1

I have a Redis database with many millions of keys in it. Over time, the keys that I have written to and read from have changed, and so there are many keys that I am simply not using any more. Most don't have any kind of TTL either.

I want to get a sense for what percentage of the keys in the Redis database is not in use any more. I was thinking I could use hyperloglog to estimate the cardinality of the number of keys that are being written to, but it seems like a lot of work to do a PFADD for every key that gets written to and read from.

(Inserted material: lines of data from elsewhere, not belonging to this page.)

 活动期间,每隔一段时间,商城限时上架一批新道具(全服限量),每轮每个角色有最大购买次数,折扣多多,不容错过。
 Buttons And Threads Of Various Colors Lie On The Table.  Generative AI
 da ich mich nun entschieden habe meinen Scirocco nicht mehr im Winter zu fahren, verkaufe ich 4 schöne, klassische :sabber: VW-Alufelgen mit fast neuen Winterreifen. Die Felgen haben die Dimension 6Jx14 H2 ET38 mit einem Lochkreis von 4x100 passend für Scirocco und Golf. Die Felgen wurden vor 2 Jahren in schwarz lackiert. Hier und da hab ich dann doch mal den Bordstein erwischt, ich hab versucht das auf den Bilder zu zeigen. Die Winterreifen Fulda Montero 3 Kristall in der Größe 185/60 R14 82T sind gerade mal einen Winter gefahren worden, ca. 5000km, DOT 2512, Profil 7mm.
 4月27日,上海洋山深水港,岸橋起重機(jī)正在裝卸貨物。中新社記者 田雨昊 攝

To be clear, I don't want to delete anything yet, I just want to do some analysis on the number of used keys in the database.

alec
  • 141
  • 2
  • 11

2 Answers2

4

I'd start with the scan command to iterate through the keys, and use the object idletime command on each to collect the number of seconds since the key was last used. From there you can generate metrics however you like.

One way, using Redis, would be to use a sorted set with the idletime of the key as its score. The advantage of this over HLL is that you can then say "give me keys idle between x and y seconds ago" by using zrange and/or zrevrange. The results of that you could then use for operations such as deletion, archival, or setting a TTL. With HLL you can't do this.

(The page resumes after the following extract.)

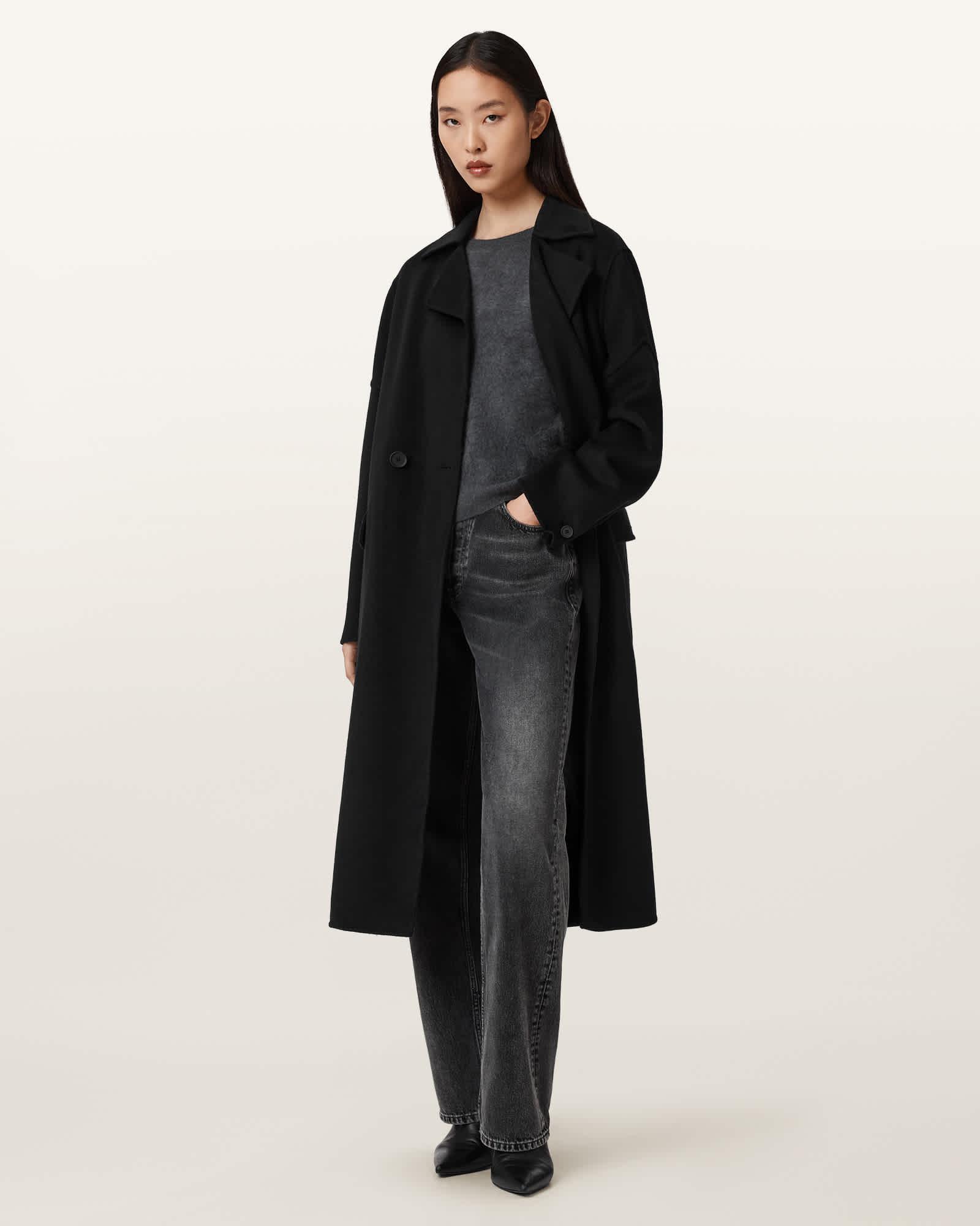 Sellma Double Breasted Coat Black | ALLSAINTS US
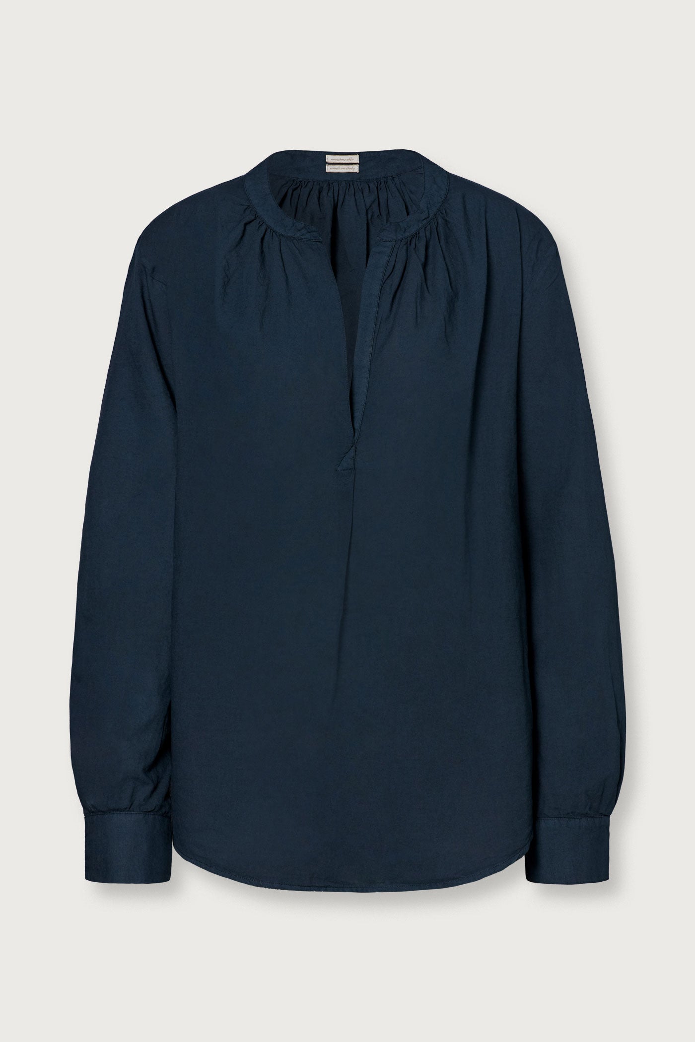 Blouse with korean collar, deep neckline, high cuffs, made of cotton cashmere voile. Made in Italy.

Another advantage is that, unless you store the result in Redis, there is only a Redis cost when you run it. You don't have to modify your code to do additional operations when accessing keys, for example.

The accuracy of the object's idle time is around ten seconds or so if I recall. But for getting an idea of how many and which keys haven't been accessed in a given time frame it should work fine.

The Real Bill
  • 14,884
  • 8
  • 37
  • 39
0

You can analysis the data with time window, and use a hyperloglog to estimate the cardinality for each time window.

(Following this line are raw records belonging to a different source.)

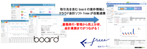 今回のboardとクラウド会計ソフトfreeeの連携により、必要な見積書、請求書等の書類発行、案件管理、発注管理から売上分析、そして会計業務まで、受託ビジネスにおける一連の業務の流れに一貫して対応する業務システムをクラウド上で実現しました。
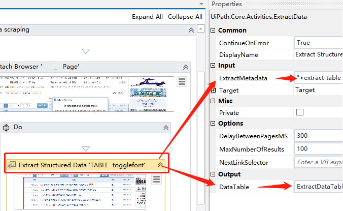 此外,“提取结构化数据”活动还带有一个自动生成的XML字符串(在ExtractMetadata属性中,其中自动抓取生成的内容很简单,手动一列一列抓取的内容稍微复杂点,好在都是自动生成,无需太多关注),该字符串指示要提取的数据。
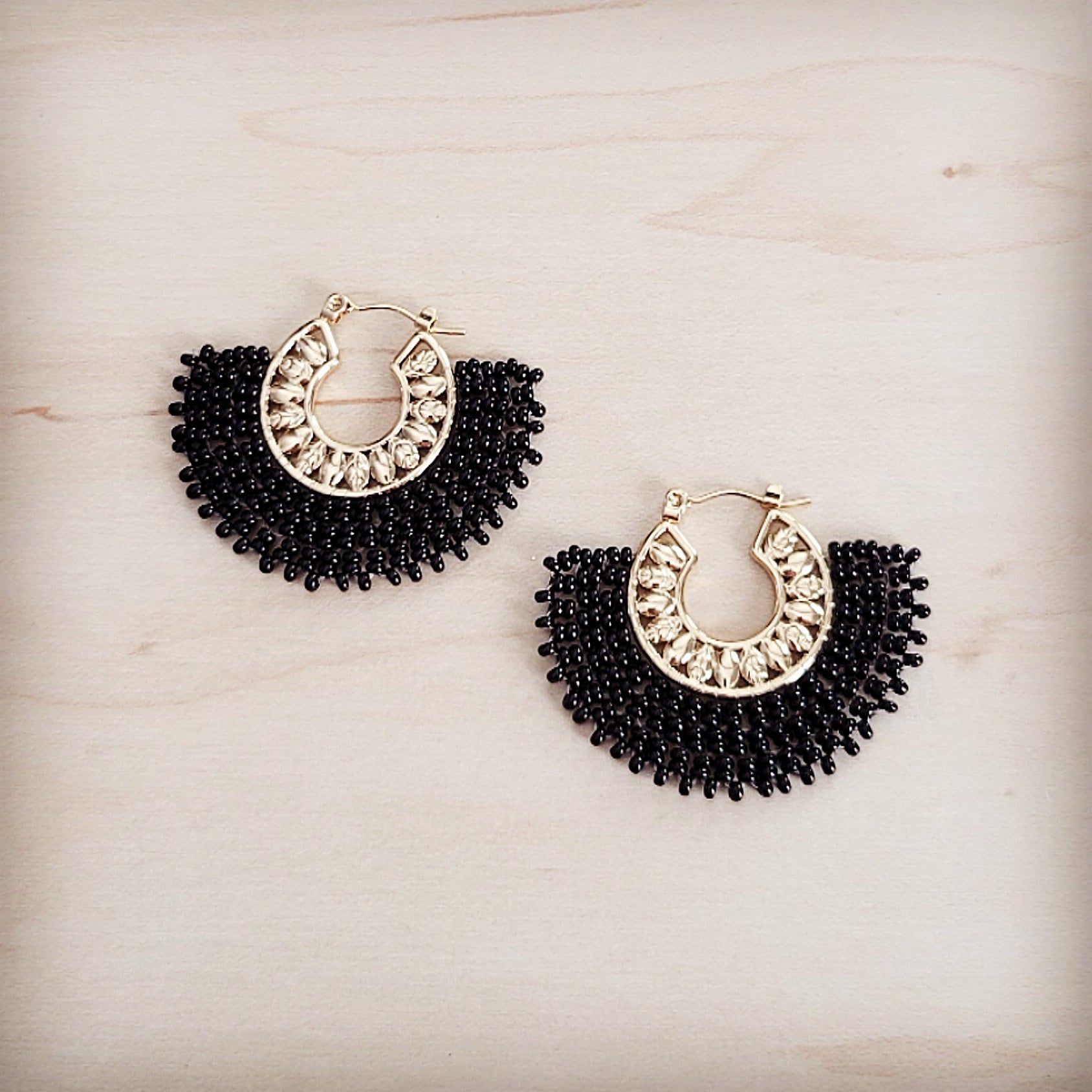 These elegant earrings feature a gold-tone half-hoop closure, brilliantly accented with a row of clear crystal embellishments. Dangling below is a dramatic, semi-circular fan of glossy black seed bead fringe, creating a bold, textural contrast that's both Art Deco-inspired and boho-chic.

For example, you can use a hyperloglog for each day's analysis:

// for each key that has been read or written in day1
// add it to the corresponding hyperloglog
pfadd key-count-day1 a b
pfadd key-count-day1 c d e

// for each key that has been read or written in day2
// add it to the corresponding hyperloglog
pfadd key-count-day2 a
pfadd key-count-day2 c

In this case, you can get the estimated number of keys that are active in dayN with the hyperloglog whose key is key-count-dayN.

With pfcount, you can get the number of active keys for each day or several days.

// number of active keys in day2: count2
pfcount key-count-day2

// number of active keys in day1 and day2: count-total
pfcount key-count-day1 key-count-day2

With these 2 counts, you can calculate the percentage of keys that are unused since day2: (count-total - count2) / count-total

for_stack
  • 21,012
  • 4
  • 35
  • 48